Your goal: When you return the material, keep every line exactly as it is and omit the pictures.

START Provided entries

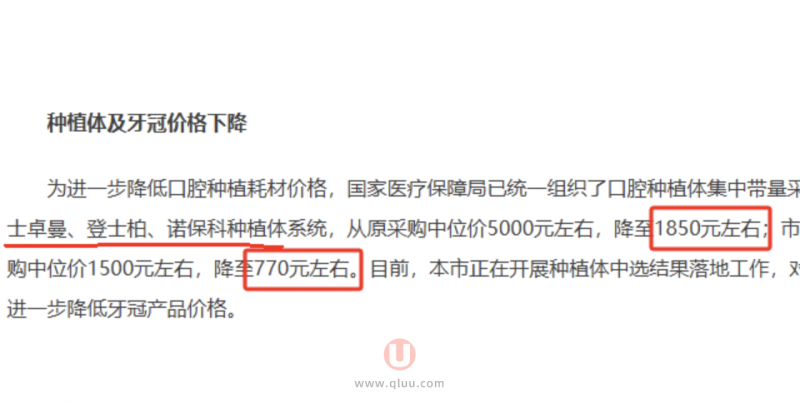 从2023年4月20日起,北京市口腔种植医疗服务费、种植体及牙冠价格将大幅降低,口腔种植医疗服务费较调整前平均下降72%。并且文中明确写清各品牌的价格上限:士卓曼、登士柏、诺保科种植体系统,从原采购中位价5000元左右,降至1850元左右;市场需求量最大的奥齿泰、登腾种植体系统,从原采购中位价1500元左右,降至770元左右。
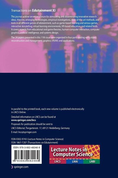 This journal subline serves as a forum for stimulating and disseminating innovative research ideas, theories, emerging technologies, empirical investigations, state-of-the-art methods, and tools in all different genres of edutainment, such as game-based learning and serious games, interactive storytelling, virtual learning environments, VR-based education, and related fields. It covers aspects from educational and game theories, human-computer interaction, computer graphics, artificial intelligence, and systems design.The 24 papers presented in this 11th issue were organized in four parts dealing with: object reconstruction and management; graphics; VR/AR; and applications.
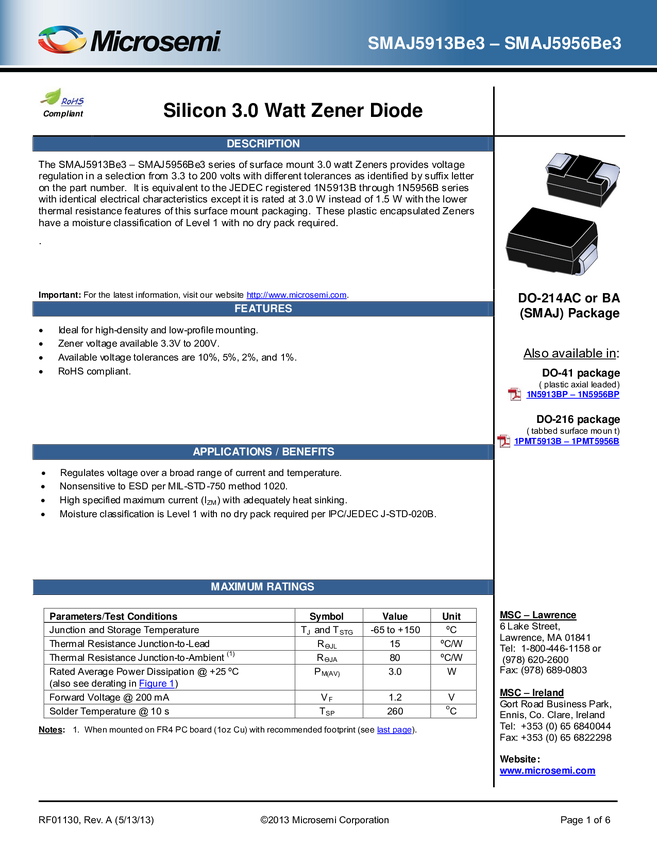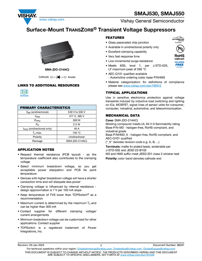 Surface-Mount TransZorb® Transient Voltage Suppressors
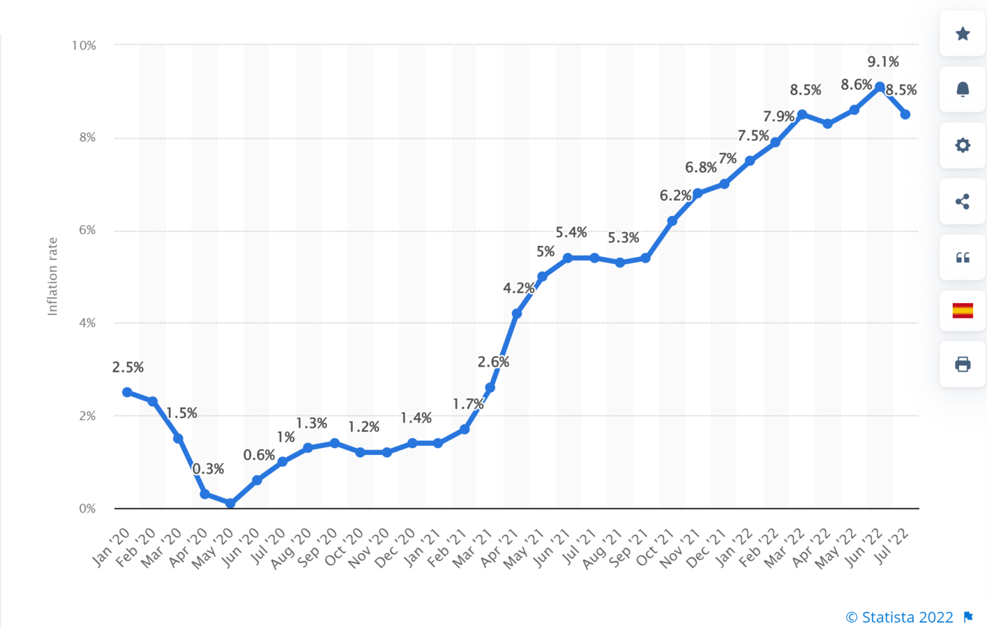 The graph above produced by Statista plots the 12-month inflation rate from January 2020 to July 2022. It clearly shows that by the time the Federal Reserve initiated its first interest rate hike the CPI or headline inflation had already reached 8.5%. More so, it underscores how long the Federal Reserve turned a blind eye to inflation spiraling out of control with consistent and consecutive upticks month after month.
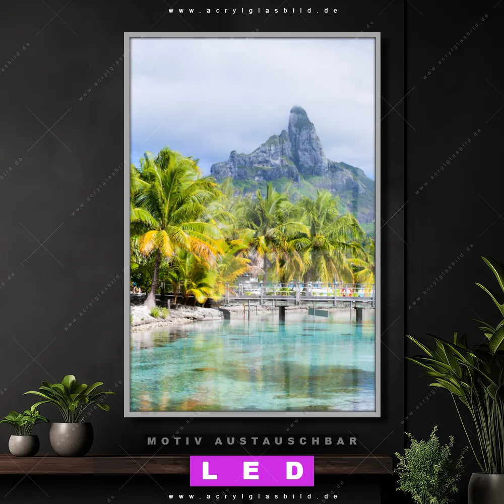 LED Acrylglasbild Canvalight® DIA | Palmen & Berg auf Insel | Hochformat
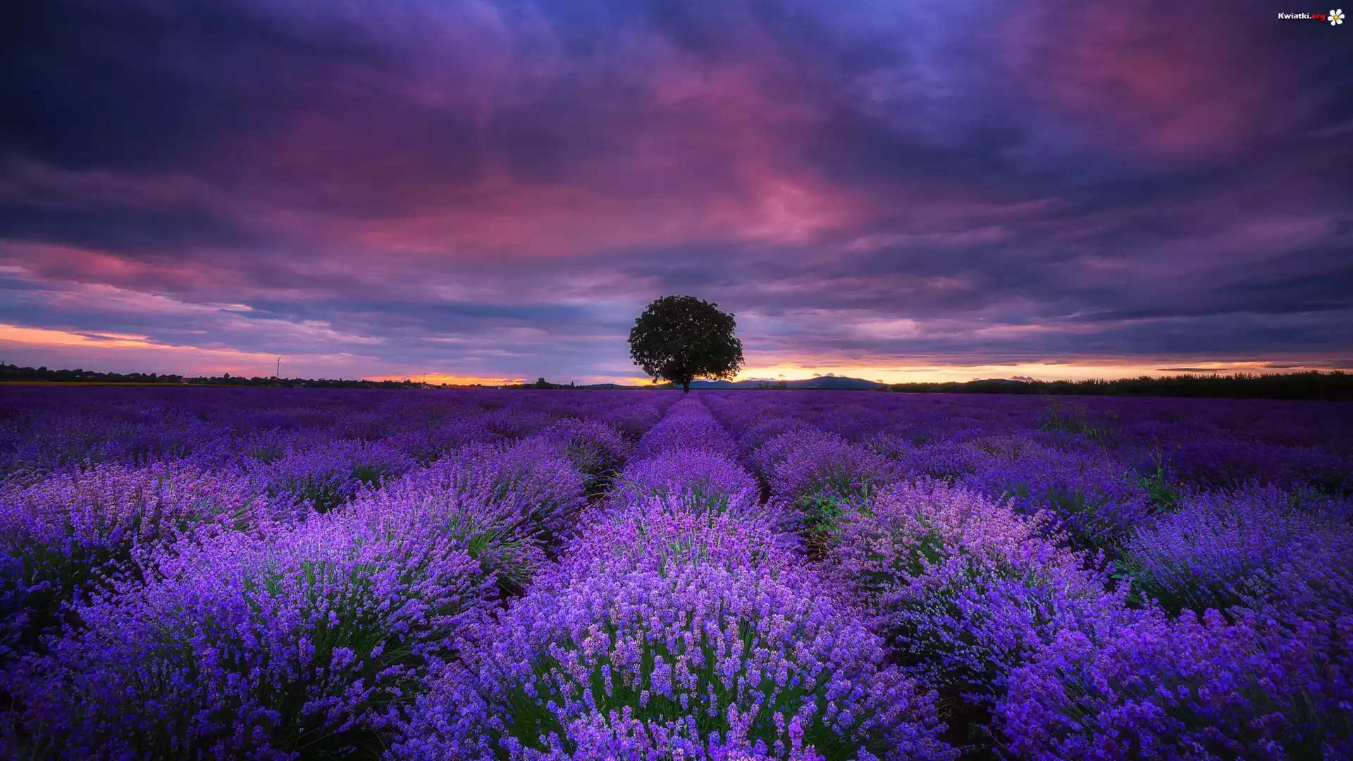 Pole, Lawenda, Drzewo, Kolorowe, Niebo - Zdjęcia

END Provided entries

Output:
 从2023年4月20日起,北京市口腔种植医疗服务费、种植体及牙冠价格将大幅降低,口腔种植医疗服务费较调整前平均下降72%。并且文中明确写清各品牌的价格上限:士卓曼、登士柏、诺保科种植体系统,从原采购中位价5000元左右,降至1850元左右;市场需求量最大的奥齿泰、登腾种植体系统,从原采购中位价1500元左右,降至770元左右。
 This journal subline serves as a forum for stimulating and disseminating innovative research ideas, theories, emerging technologies, empirical investigations, state-of-the-art methods, and tools in all different genres of edutainment, such as game-based learning and serious games, interactive storytelling, virtual learning environments, VR-based education, and related fields. It covers aspects from educational and game theories, human-computer interaction, computer graphics, artificial intelligence, and systems design.The 24 papers presented in this 11th issue were organized in four parts dealing with: object reconstruction and management; graphics; VR/AR; and applications.
 Surface-Mount TransZorb® Transient Voltage Suppressors
 The graph above produced by Statista plots the 12-month inflation rate from January 2020 to July 2022. It clearly shows that by the time the Federal Reserve initiated its first interest rate hike the CPI or headline inflation had already reached 8.5%. More so, it underscores how long the Federal Reserve turned a blind eye to inflation spiraling out of control with consistent and consecutive upticks month after month.
 LED Acrylglasbild Canvalight® DIA | Palmen & Berg auf Insel | Hochformat
 Pole, Lawenda, Drzewo, Kolorowe, Niebo - Zdjęcia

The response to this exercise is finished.